___ Provided records ___

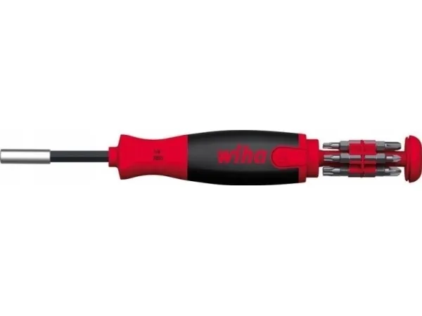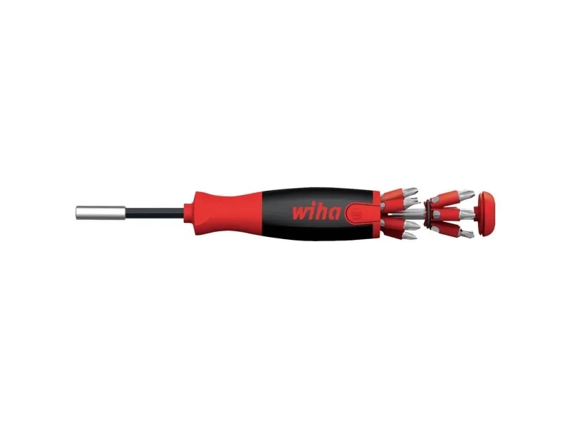 Skruetrækker med bit magasin LiftUp 25 magnetisk blandet med 12 bits, 1/4 (38605) Ikke sjældent sker det, at der i mobilt brug er brug for en skruetrækker med en bestemt profil, som håndværkeren ikke lige har ved hånden. Wiha-skruetrækkeren med bit-magasin LiftUp 25 sætter en stopper for dette, da man med kun ét værktøj har 12 forskellige kraftudtag, når som helst og hvor som helst. På den måde erstatter LiftUp et helt skruetrækker-sæt. Med et tryk på en knap kører bit-magasinet ud ved enden af grebet og frigiver 25 mm bits med 1/4 drev til udtagning. De medfølgende standardbits kan anvendes både til hånd- og maskindrift. Det ergonomisk formede tokomponenthåndtag sørger takket være den store volumen for optimal kraftoverførsel og højeste drejemomentværdier. Kraftig isætning eller udtagning af skruer bliver dermed særligt let i hånden.
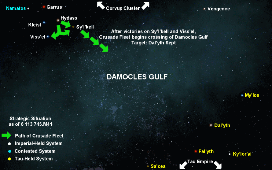 The most exciting news from Admiral Jallaque, however, was that, after largely eliminating the xeno presence on this side of the Damocles Gulf, the Crusade Fleet finally launched itself on a five-month-long journey across the Damocles Gulf.
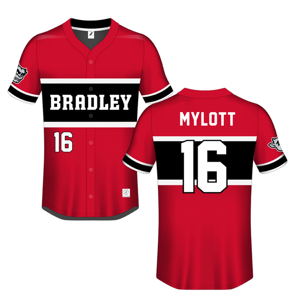 Bradley University Red Button-Down Jersey - #16 Michael Mylott
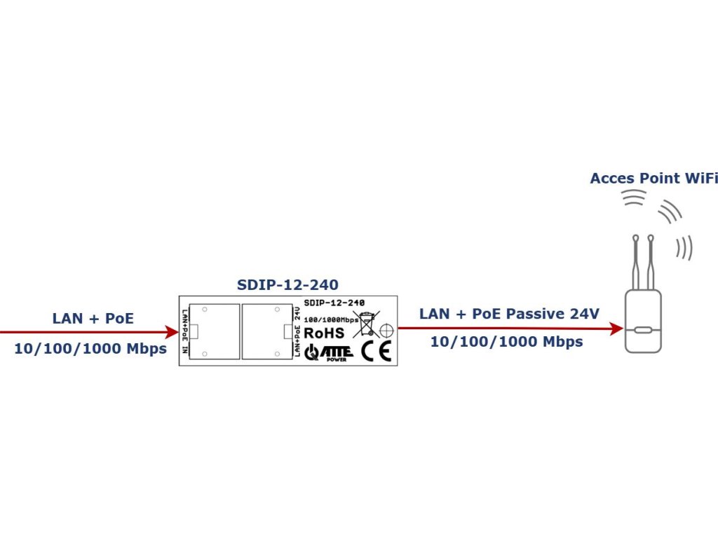 SDIP-12-240 je gigabitový adaptér PoE s konvertorom na zníženie napätia. Zariadenie umožňuje zmenu napájania z PoE 802.3af alebo PoE PASSIVE (35...56V) na PoE PASSIVE 24V.
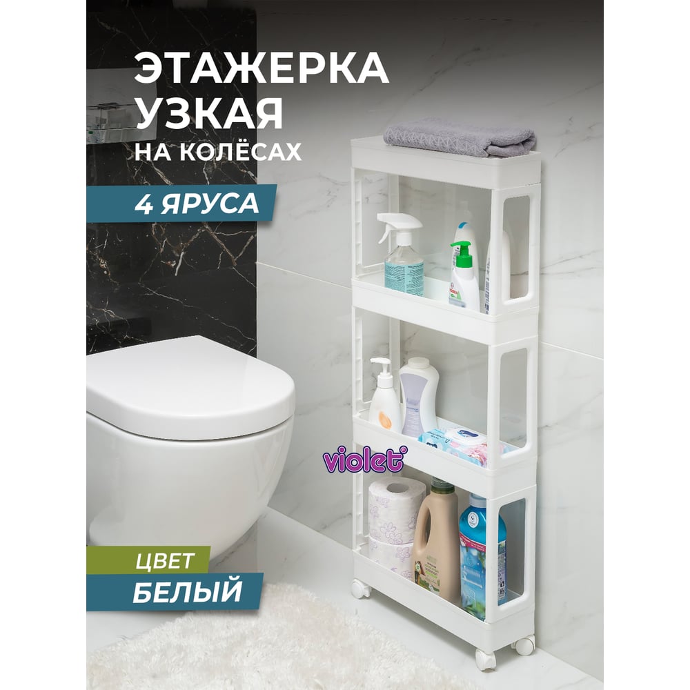 Узкая этажерка Violet 4-х ярусная, на колесах, белая 760406
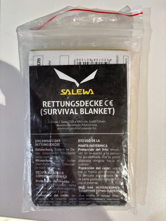 Dettagli del prodottoCoperta termica Salewa Rettungsdecke (Survival Blanket) in alluminio.
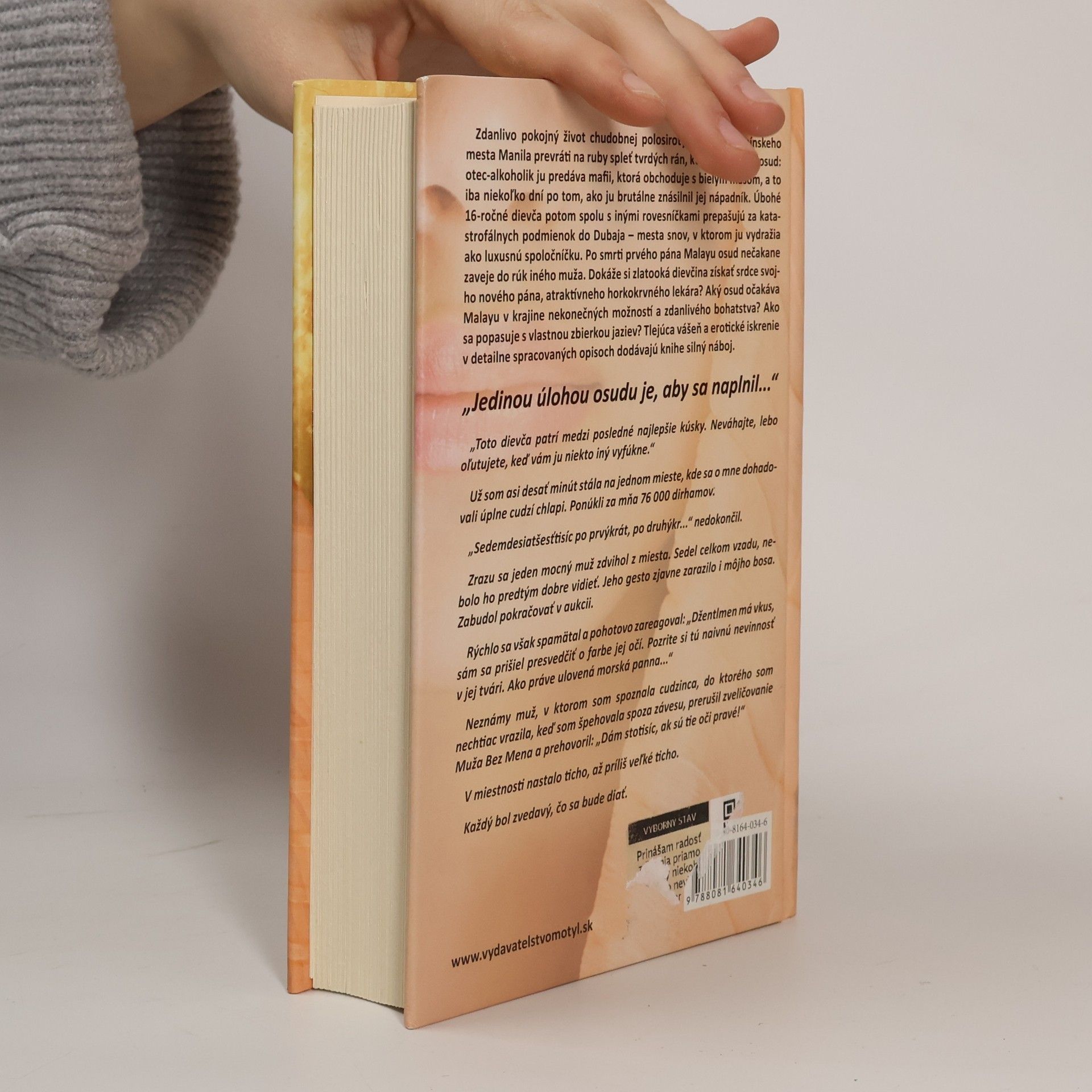 Jedinečná, šokujúca kniha mladej autorky! Zdanlivo pokojný život chudobnej polosiroty Malaye z filipínskeho mesta Manila prevráti na ruby spleť tvrdých rán, ktoré jej uštedrí osud: otec-alkoholik ju predáva mafii, ktorá obchoduje s bielym mäsom, a to iba niekoľko dní po tom, ako ju brutálne znásilnil jej nápadník. Úbohé 16-ročné dievča potom spolu s inými rovesníčkami prepašujú za katastrofálnych podmienok do Dubaja – mesta snov, v ktorom ju vydražia ako luxusnú spoločníčku. Po smrti prvého pána Malayu osud nečakane zaveje do rúk iného muža. Dokáže si zlatooká dievčina získať srdce svojho nového pána, atraktívneho horkokrvného lekára? Aký osud očakáva Malayu v krajine nekonečných možností a zdanlivého bohatstva? Ako sa popasuje s vlastnou zbierkou jaziev? Tlejúca vášeň a erotické iskrenie v detailne spracovaných opisoch dodávajú knihe silný náboj. „Jedinou úlohou osudu je, aby sa naplnil...“
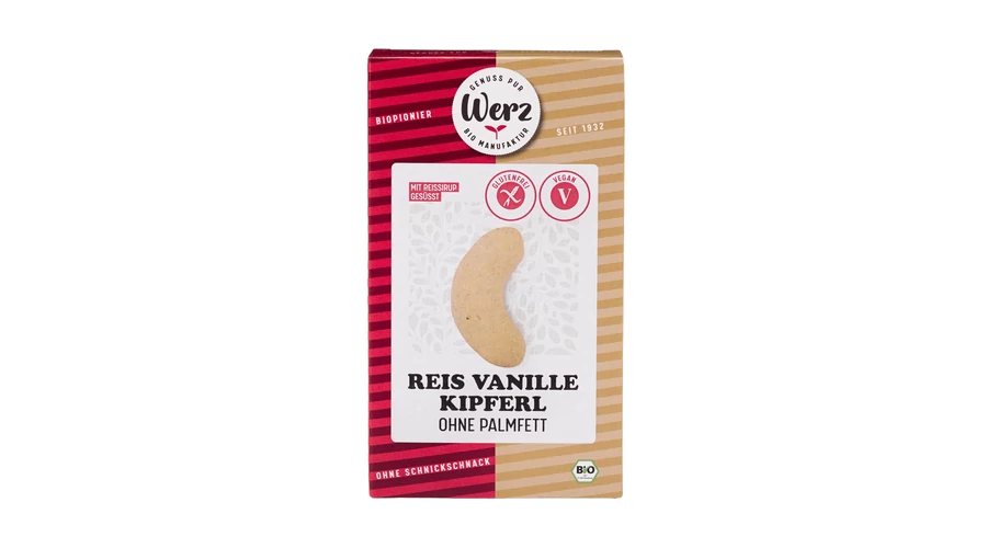 Összetevők: teljes kiőrlésű rizsliszt* (58%), rizsszirup* (fermentált rizs*, víz), pálmaolaj, mandula*, víz, vanília* (1%), sűrítőanyag: guarmagliszt*, borkő-sütőpor* (kukoricakeményítő*, savanyúságot szabályozó borkő, szódabikarbóna).

___

# [Requirement]
Please return the data above exactly as it stands from the line with "The most exciting" to the line with "Bradley University Red", keeping both of those lines but none of the pictures.

# [Answer to this exercise]
 The most exciting news from Admiral Jallaque, however, was that, after largely eliminating the xeno presence on this side of the Damocles Gulf, the Crusade Fleet finally launched itself on a five-month-long journey across the Damocles Gulf.
 Bradley University Red Button-Down Jersey - #16 Michael Mylott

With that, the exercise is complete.